But why am I talking about a super long quasi-pilgrimage* on this newsletter about mysteries?
The answer relates to a semester-ending writing assignment for my course on Detective Fiction. While I have been teaching this course for almost 20 years, it’s only in the last five years that I included an option for students to choose a term project that is creative in nature as opposed to the typical research-based analytical paper. To keep things fresh and ensure that students followed specific directives for each semester, the nature of that creative option has varied in the three times I’ve offered that choice. First semester, only a handful—about a quarter—of the class went with the creative option. Then, half of the class. To my astonishment, for this last semester which ended in December 2023, only three out of 20 students did NOT pursue the creative project!
I will spare you the myriad exacting details of the creative prompt, but it would suffice to say that students were asked to provide a detailed portrait of a new series detective, write the first 4-5 pages of the debut storyline introducing that detective, then addend a critical reflection about the role their new detective occupies in the trajectory of detective fiction we studied in class. Frankly, I was overwhelmed by the positive responses—and some wonderfully unique stories.
In the aftermath of this assignment, I found myself wondering whether I should have attempted to incorporate our camino experiences into a longer piece. Sadly, a quick search yielded returns not only about a tragic real-life 2017 murder of a walker from the U.S. but also a 2021 fictional murder mystery set on the camino. I stopped my search there, but doubtless there are others as well, and it appears I’ve missed my opportunity at new series detective stardom.
Regardless, A Murder on the Camino (or presumably something like that, right?) is probably where I would have started since such a novel would have allowed me to feature various sites along the route (Logroño!

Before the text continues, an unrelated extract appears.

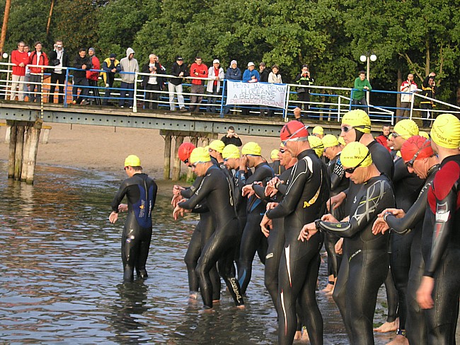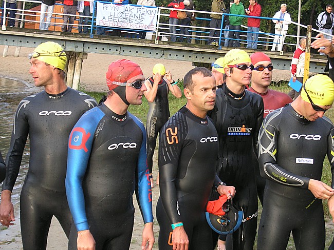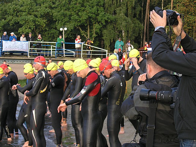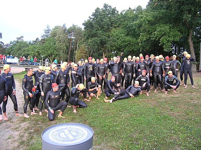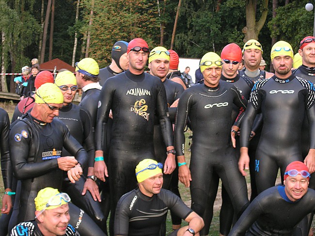 W dzień poprzedzający start mamy czas na odebranie pakietu startowego, spotkanie się z grupą warszawską i wrocławską. W planie był też przejazd techniczny trasy kolarskiej. Do czasu, gdy zapadły ciemności mieliśmy kilka podejść, każde skutecznie gaszone przelotnym deszczem. Nasze czyściutkie rowery stały więc pod dachem i mogliśmy je, przed oddaniem do boksu rowerowego, sprawdzić jedynie „na sucho”. Potem przygotowujemy zestawy na zmiany T1 i T2. Ćwiczę po raz ostatni w myślach, co po kolei będę zdejmować, a co zakładać podczas przebierania się w strefie zmian, tak aby niczego nie zapomnieć. Pakujemy wszystko do dwóch toreb opisanych numerami startowymi. Na koniec dnia wspólna kolacja makaronowa i w dobrych nastrojach kładziemy się spać. Niedziela Rano wstajemy wcześniej żeby obserwować uczestników startujących na długim dystansie. Ponad 50 osób w czarnych piankach do pływania stoi już na plaży i uśmiecha się do wymierzonych w nich aparatów fotograficznych |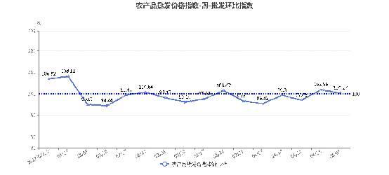 7类农产品批发价格指数周同比“1涨6降”。其中,粮食价格指数上涨0.79%;蔬菜、鸡蛋、食用油、水果、肉禽(猪肉)和水产品价格指数分别下降13.42%、9.65%、5.73%、5.61%、2.7%(6.44%)、1.89%。

Léon!), offer up some fascinating history of the pilgrimage (à la Bill Bryson’s A Walk in the Woods?), along with snippets of insider knowledge (how French walkers responded to the Spanish cuisine, what all those young walkers from South Korea talked about).
And if that debut novel about a Korean-American literature professor who finds murder on her sabbatical sold thousands of copies, I might have moved on to Death on the Milford Track (a New Zealand hike we completed in 2003), and so on, and so on with the theme. More walking and more mysteries. Again, alas!
And you? What might you write—or have written already as the case may be—and, perhaps more importantly, WHY?
*Probably the majority of the walkers were like us—on the path more for the cultural and touristic rather than its spiritual significance. However, we also truly appreciated the enthusiasm and expertise of other walkers who marveled at all the small and large churches we passed by.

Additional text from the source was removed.